O balanço é francamente positivo, sentimo-nos felizes e realizados quando vemos atletas que estiveram no Stuart, e que hoje jogam, por exemplo, em Espanha, ou até, quando contribuímos para o hóquei nacional ao termos atletas da nossa formação na recém-criada equipa da Física de Torres Vedras. 

CL – Como descreve o estado atual do hóquei feminino no país e de que forma é que o clube está a trabalhar para aumentar o público e o interesse pelo hóquei feminino?
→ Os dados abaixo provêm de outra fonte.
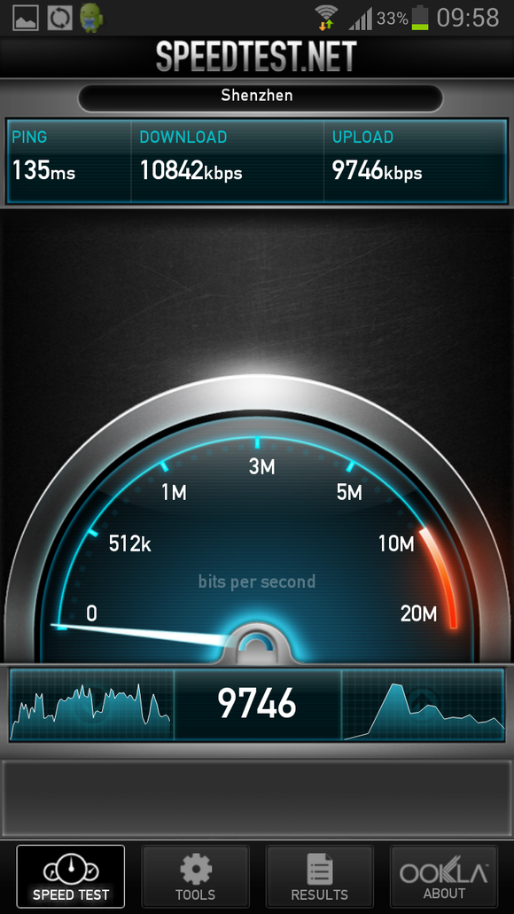 移动4g粉墨登场,无论下载还是上传都相当给力,实测环境为深圳大梅沙室内。
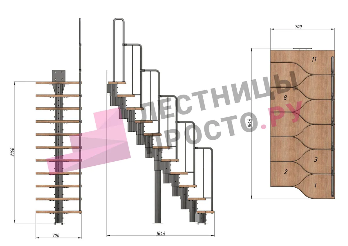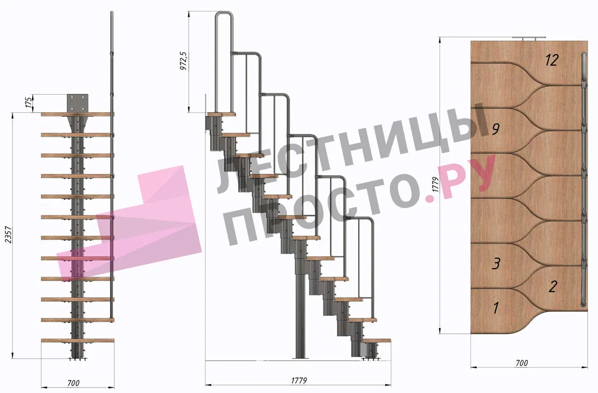 соответствует картинке, но вы не ограничены в его выборе. Лестницу можно приобрести и без ограждения, и с любым другим. Устанавливать на такую лестницу можно почти всё, начиная от классических деревянных балясин и заканчивая эксклюзивными коваными изделиями.
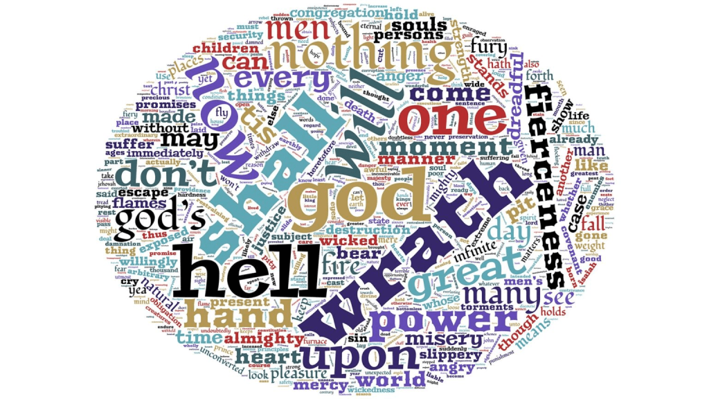 A word cloud of Jonathan Edwards’ famous sermon, “Sinners in the Hands of an Angry God.”
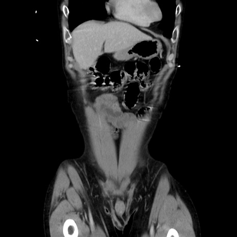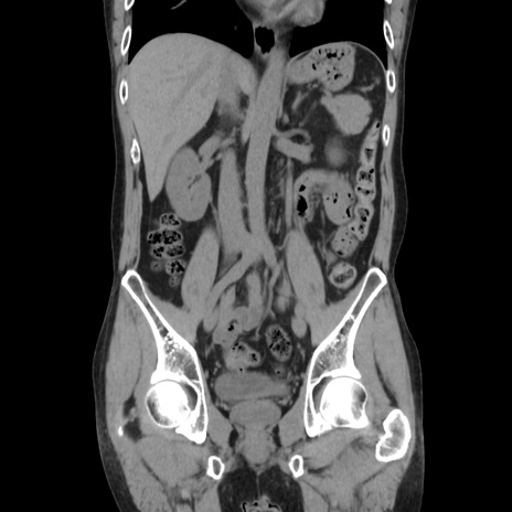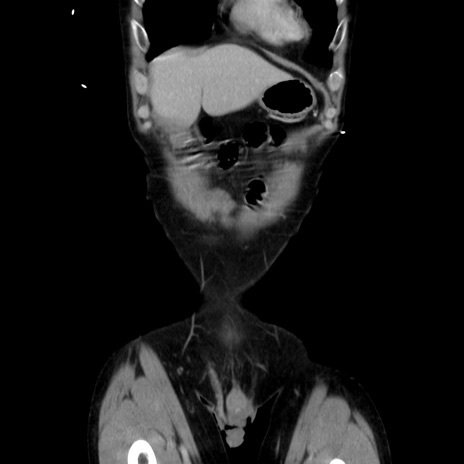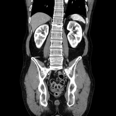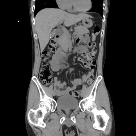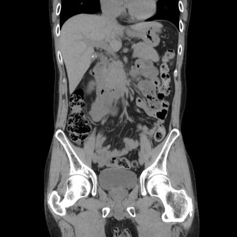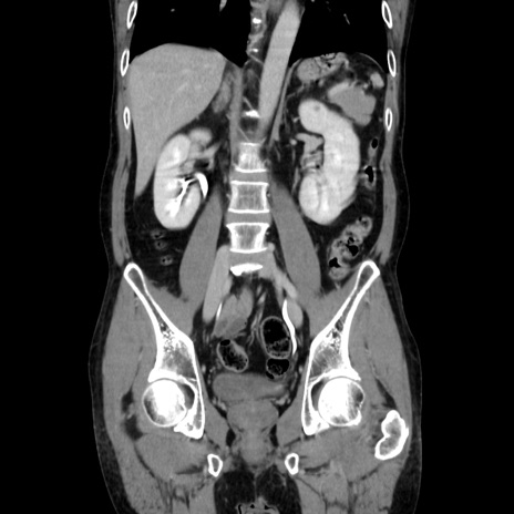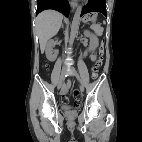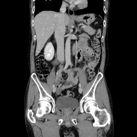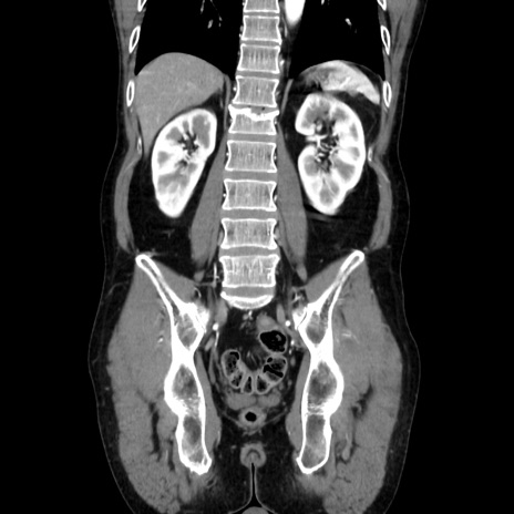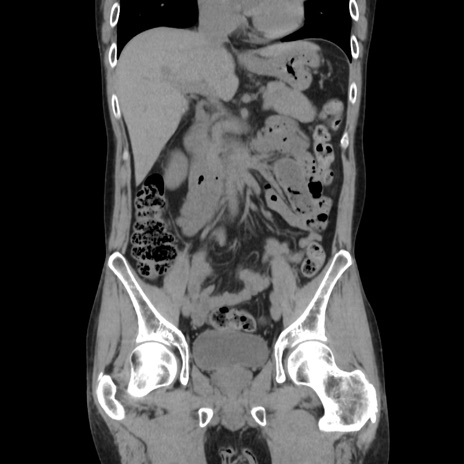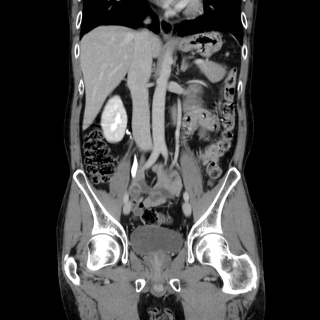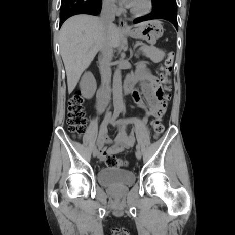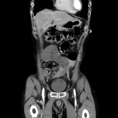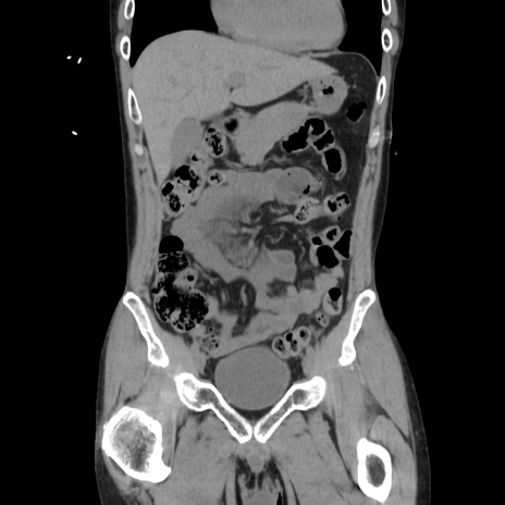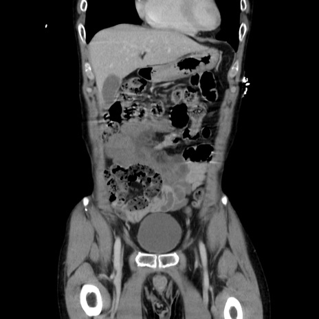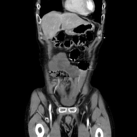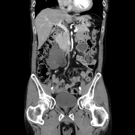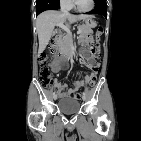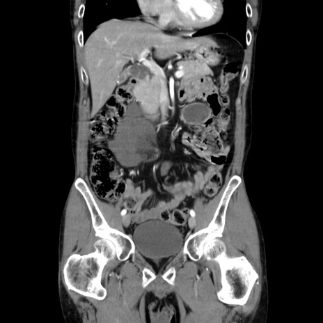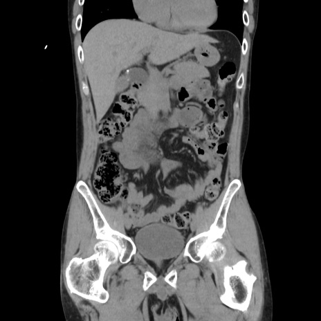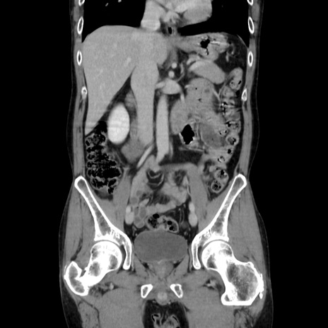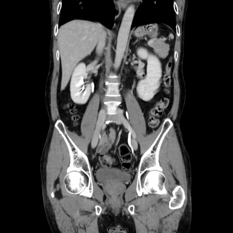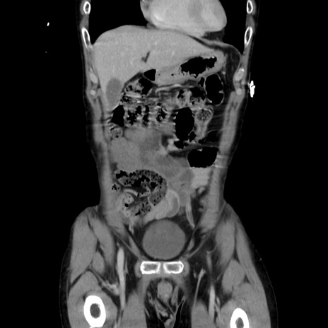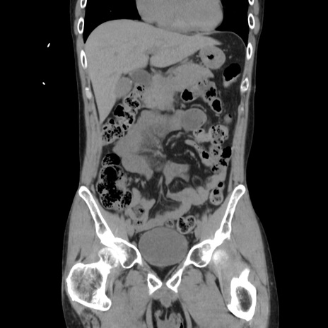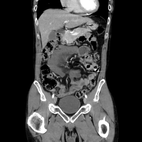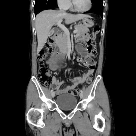 【症例】40歳代 男性 【主訴】腹痛 【現病歴】4時間ほど前に電車に乗車中に臍部上より腹痛出現。徐々に増悪し起立困難となり、救急外来受診。生ものは数日食べていない。今朝お雑煮を食べた。 【既往歴】なし 【身体所見】BT 36.8℃、BP 117/84mmHg、HR 91/min、SpO2 97%、苦悶様、腹部:臍上部広範囲圧痛あり、反跳痛± 【データ】WBC 8100、CRP 0.03
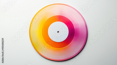 disc isolated on white, beautiful LP record, top-down view, white background, lovely LP design
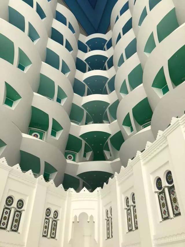 謝赫扎耶德清真寺是為已故老國王扎伊德所建,是阿聯酋的標志性建筑﹐整個建筑群都用來自南斯拉夫的白玉大理石,莊嚴肅穆,充分體現了伊斯蘭的風格。
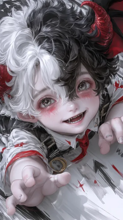 Midjourney Bot 更新时间:2025-12-28 00:10一个年轻的帅哥,第一视角,极端视角黑白拼色短发(左侧头发白,右侧头发黑),红色恶魔角,白色T恤,可爱的表情,微笑,痴迷的笑,俯视视角,压迫感,互动感。画面有笔触感,高清,超清分辨率,8K,细节 --ar 9:16 --style raw --stylize 231 --niji 6 --profile 138q21m zksgyr4 uh7zf4j --no 胡子,耳钉,黑色遮挡物,水渍,真人感
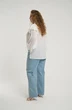 Джинсы классические прямые. Спереди фигурные карманы, сзади кокетки, накладные карманы. По передним и задним половинкам брюк рельефы с кантами с сырым срезом. Застежка на молнию и петлю с пуговицей. Пояс отрезной.
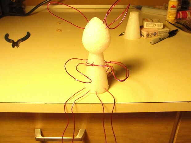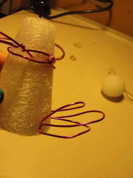 También, utilizar dos piezas de alambre pequeño para un cuello para mantener la cabeza.
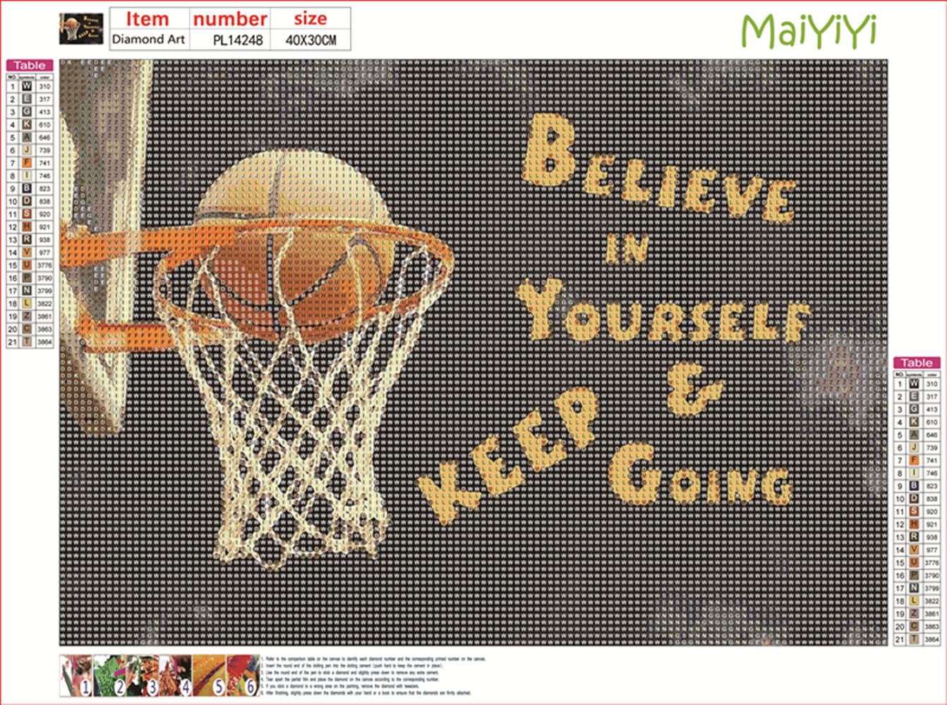 MaiYiYi Basketball Diamond Painting Dots Kit, 5D Full Round Diamond Painting Kit Believe in Yourself and Keep Going Diamond Art Basketball Hoop Wall Decor for Adult Beginners (30X40 CM)
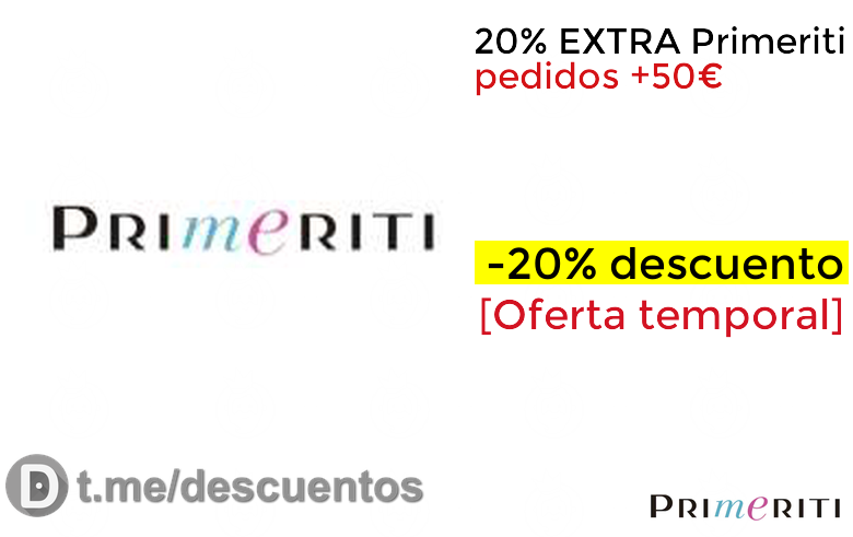 ✨Durante el día de hoy, Primeriti nos ofrece un descuento adicional del 20% en una selección de artículos ya rebajados, siempre y cuando nuestro pedido sea igual o superior a 50€. Hay una gran variedad de campañas activas en grandes marcas.
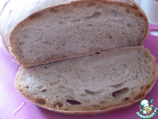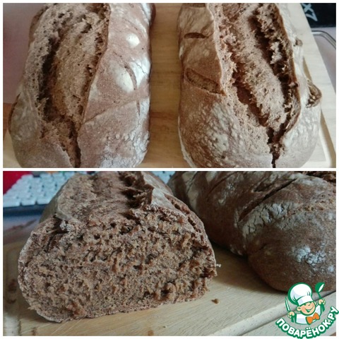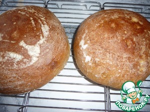 Выпекать в предварительно разогретой до 230С духовке на пару (одновременно с противнем ставим вниз миску с кипятком). Перед посадкой в печь хлеб сбрызнуть холодной водой. Через 10 минут выпекания, вынуть миску с кипятком и снизить температуру до 200С. Выпекать 40 мин., ориентируйтесь на свою духовку. Готовый хлеб выложить на решетку и оставить до теплого состояния, затем прикрыть полотенцем.
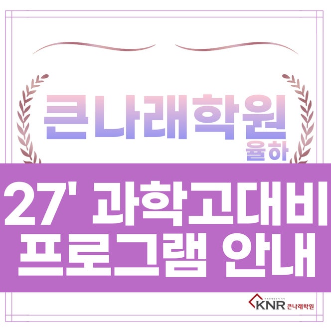 안녕하세요. 미래 인재양성의 리더 큰나래학원 김해 율하점 입니다. 2026년 1월 5월(월) 개강하는 27학년도 과학고등학교 대비반 프로그램 안내드립니다. 프로그램 시간표는 아래 사진 참조 부탁드리며, 자세한 문의사항은 율하점으로 연락바랍니다. 율하점KNR큰나래학원 ☎ 055-724-4244 ※ 과학고대비반 프로그램은 입학테스트가 필수입니다. 입학테스트는 학생들이 그동안 얼마나 학습하였는가를 확인하는 시험이기도 하지만, 앞으로 어느 정도의 수준을 학습하는 것이 적합한지 평가하는 시험이기도 합니다. [ 과학고 입시를 위한 단계별 학습 방향 ] Step 1 기초+응용(1~6월) ▶ Step 2 고급(7~8월) ▶ Step 3 실전(8~10월) ▶ Step 4 최종....... <img src="https://blogthumb.pstatic.net/MjAyNTEyMDhfNDIg/MDAxNzY1MTkyNTUzMjA2.9lU7As0j_1Qsee3lXRSWSLaGY1r3YezxitVLd-aE6rUg.cJCueVGc4CHabboEo95mRDXFG_BzMrjrGEIVQ1aAfJwg.JPEG/%C0%B2%C7%CF-%BA%ED%B7%CE%B1%D7-002.jpg?type=s3" />

RE – Diria que mais do que um desporto, o hóquei é uma paixão e ninguém esquece uma paixão que tem ou teve na vida. E é essa paixão que sustenta o hóquei em patins nacional, seja ele masculino ou feminino. Começa com pais a apertar patins, e termina com pais a sofrer ou a festejar nas bancadas. A nossa seleção e os nossos clubes são dos melhores do mundo, as reflexões a serem tiradas, devem ser a nível Federativo e Associativo, porque mais uma vez reforço, a paixão está lá. 

Gostaria ainda de salientar que somos pioneiros e líderes na questão das redes sociais quanto à promoção da beleza do hóquei em patins feminino. Partilhamos conteúdos de páginas da modalidade como por exemplo as “Raparigas do Hóquei” e até os conteúdos das páginas de outros clubes, porque consideramos que o propósito aqui está acima de qualquer interesse pessoal e segue uma lógica de crescimento sem egos… quanto maior for o SHCM, maior será o hóquei em patins nacional e quanto maior for o hóquei em patins nacional, maior será o nosso clube!